RECORDED DATA —
★ ★ ★

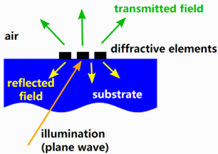 通常,DOE駐留在介質襯底上。照明光場(如平面波)從下方或上方照射到DOE。這激發了透射場和反射場,這是我們感興趣的典型參量。
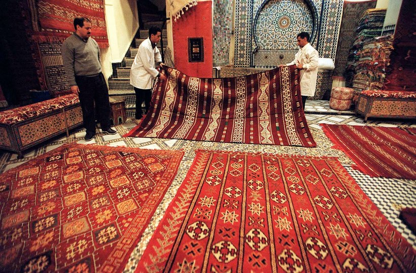 - Ковры-самолеты. Ковры ткут и в Фесе. Обычно ткут их там же, где и продают. Ловко заманивают покупателей, рассказывают и показывают весь процесс создания восхитительных ковров, а ведь и правда они великолепны, а после навязывают что-нибудь. Ковры покупать однозначно стоит. Пусть и не там, где навязывают, но все же. Бывают ковры всех размеров. Качество у них отменное. Стоят они прилично, да не так уж и дорого, как везде по миру.
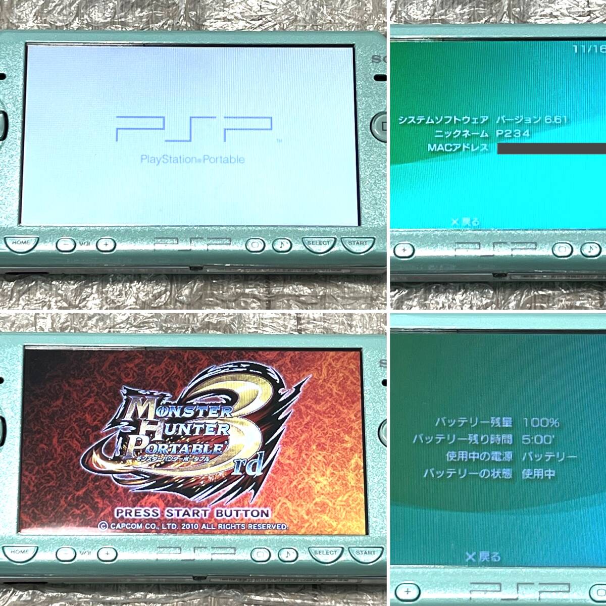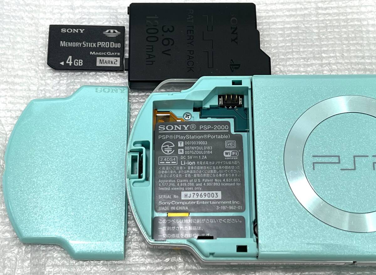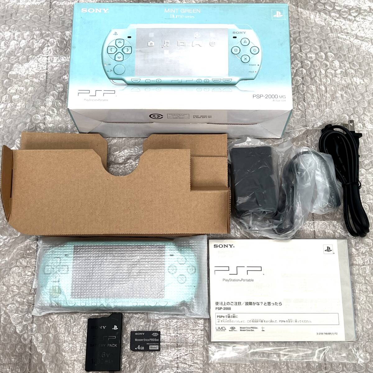 〈状態良好・箱説付属・動作確認済み〉PSP-2000 本体 ミントグリーン メモリースティック 4GB PlayStation Portable 薄型
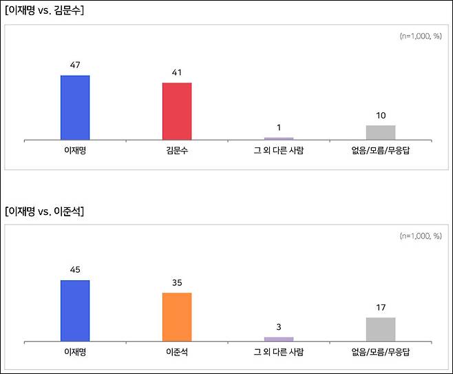 이재명 후보와 김문수 후보, 이재명 후보와 이준석 후보가 각각 양자 대결을 하게 되면 어느 후보에게 표를 주겠냐는 질문에는, 이재명-김문수 후보가 맞붙을 경우 지지도가 각각 47%와 41%, 이재명-이준석 후보가 맞붙을 경우 각각 45%와 35%로 나타났습니다.

★ ★ ★

DIRECTIONS — Give the data again exactly as written, with no pictures included.

RESPONSE TO THE EXERCISE —
 通常,DOE駐留在介質襯底上。照明光場(如平面波)從下方或上方照射到DOE。這激發了透射場和反射場,這是我們感興趣的典型參量。
 - Ковры-самолеты. Ковры ткут и в Фесе. Обычно ткут их там же, где и продают. Ловко заманивают покупателей, рассказывают и показывают весь процесс создания восхитительных ковров, а ведь и правда они великолепны, а после навязывают что-нибудь. Ковры покупать однозначно стоит. Пусть и не там, где навязывают, но все же. Бывают ковры всех размеров. Качество у них отменное. Стоят они прилично, да не так уж и дорого, как везде по миру.
 〈状態良好・箱説付属・動作確認済み〉PSP-2000 本体 ミントグリーン メモリースティック 4GB PlayStation Portable 薄型
 이재명 후보와 김문수 후보, 이재명 후보와 이준석 후보가 각각 양자 대결을 하게 되면 어느 후보에게 표를 주겠냐는 질문에는, 이재명-김문수 후보가 맞붙을 경우 지지도가 각각 47%와 41%, 이재명-이준석 후보가 맞붙을 경우 각각 45%와 35%로 나타났습니다.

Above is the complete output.